ISLAMABAD – Pakistan’s recent tax relief on sugar imports has drawn objections from the International Monetary Fund (IMF), the finance ministry revealed to the National Assembly Standing Committee on Finance on Wednesday.
IMF program restricts exemptions
Finance Secretary Imdad Ullah Bosal told lawmakers that the $7 billion Extended Fund Facility (EFF) includes 70 performance benchmarks, one of which explicitly bars the government from granting any new tax exemptions.
“We are currently negotiating with the IMF on this issue,” Bosal said, while responding to queries on why the Fund opposed the sugar relief.
Sugar import tax cuts spark debate
The government recently allowed the import of 500,000 metric tons of sugar with major tax concessions.
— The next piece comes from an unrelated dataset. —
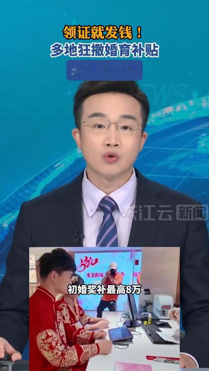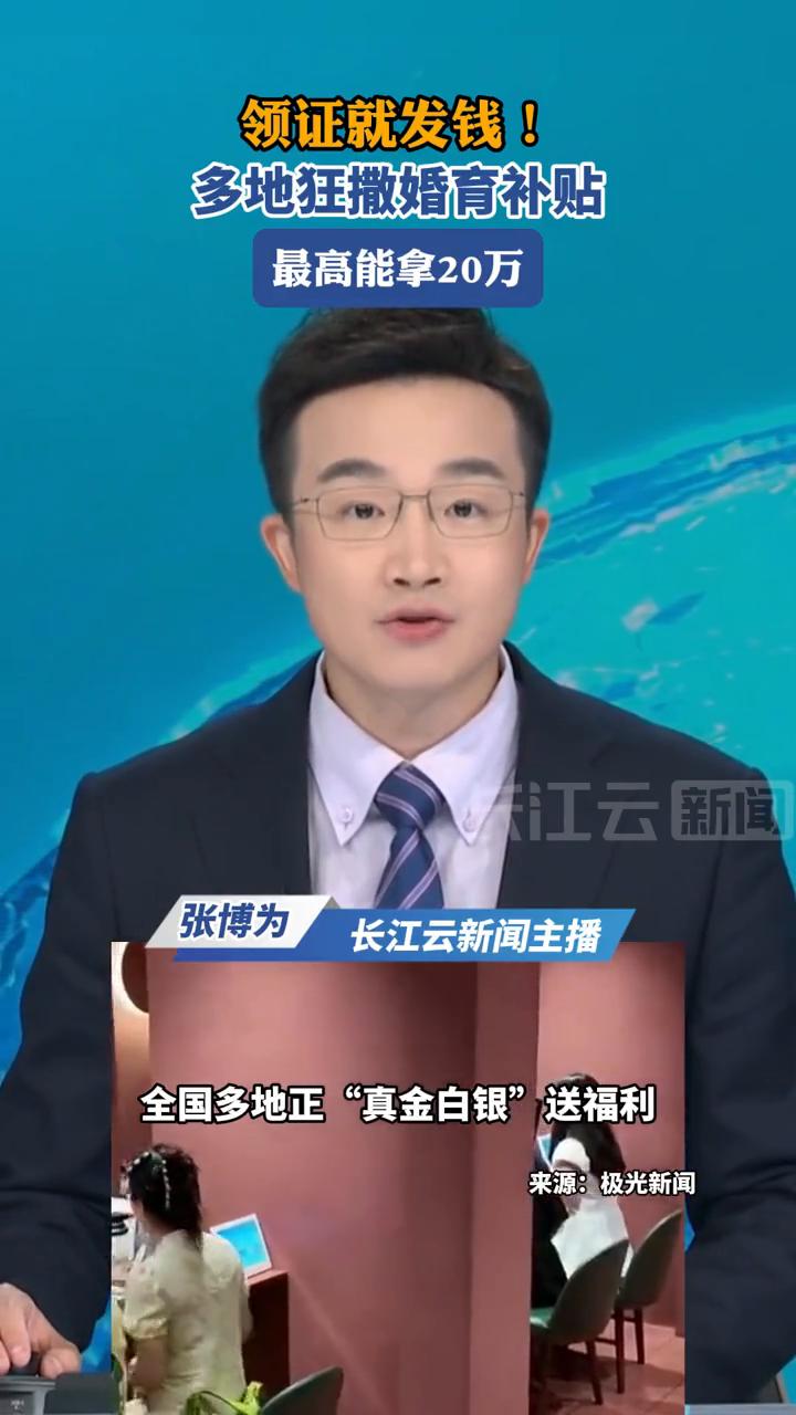 领证就发钱!多地狂撒婚育补贴,最高能拿20万。 张博为,长江云新闻主播。 准备结婚的朋友们,好消息来了!全国多地正"真金白银"送福利,领证就能领补贴,最高居然能拿20万。 ·浙江动作最大,宁波、杭州、绍兴、柯桥都发千元结婚消费券,能抵婚纱摄影、婚宴酒店的开销。 ·山西吕梁更加的直接,符合条件的新人领证当场就能领1500元现金红包。 ·最"硬核"的是广州南岭村,初婚奖补最高8万,加上生育补贴合计20万。 这些政策不光帮新人减负,还能激活"甜蜜经济"。您觉得这波福利实在吗?

The Federal Board of Revenue (FBR):
Exempted customs duty on the imports
Reduced sales tax from 18% to 0.25%
Lowered withholding tax to 0.25%
Waived the 3% minimum value-added tax on the imported quantity
But FBR Chairman Rashid Mahmood Langrial clarified that the initiative came from the Ministry of National Food Security and Research. “The cabinet approved the move, and FBR simply issued the formal notifications,” he said.
Langrial noted that sugar currently faces a 54% cumulative tax rate, including 20% import duty, which he said is unusually high. He recalled that domestic sugar prices had at one point dropped to Rs130 per kilogram, indicating there was no immediate shortage.
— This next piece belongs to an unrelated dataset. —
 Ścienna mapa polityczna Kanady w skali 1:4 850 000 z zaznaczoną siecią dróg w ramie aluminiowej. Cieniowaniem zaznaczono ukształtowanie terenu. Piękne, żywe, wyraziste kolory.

Committee chairman Syed Naveed Qamar echoed that view, questioning the logic of importing sugar despite “sufficient local stocks.”
IMF also questions remittance scheme financing
Separately, Bosal briefed the panel on the Pakistan Remittances Initiative (PRI) — a program designed to reward banks and exchange companies for bringing in remittances through official channels.
IMF has asked the finance ministry and the State Bank of Pakistan to work out a sustainable financing model for PRI, which lawmakers warned was turning into “another circular debt.”
No funds have been allocated for PRI in the current fiscal year, despite Rs89 billion being earmarked last year — an amount that later swelled beyond Rs100 billion.
The government has now revised the scheme by:
Capping the reward to a flat 20 Riyals per transaction (previously 20–30 Riyals)
Raising the minimum eligible remittance amount from $100 to $200
Policy implications
The dispute highlights the IMF’s strict stance on maintaining fiscal discipline and avoiding sector-specific relief measures. Lawmakers warned that relaxing conditions on sugar imports could trigger additional revenue pressures or force further negotiations with the IMF.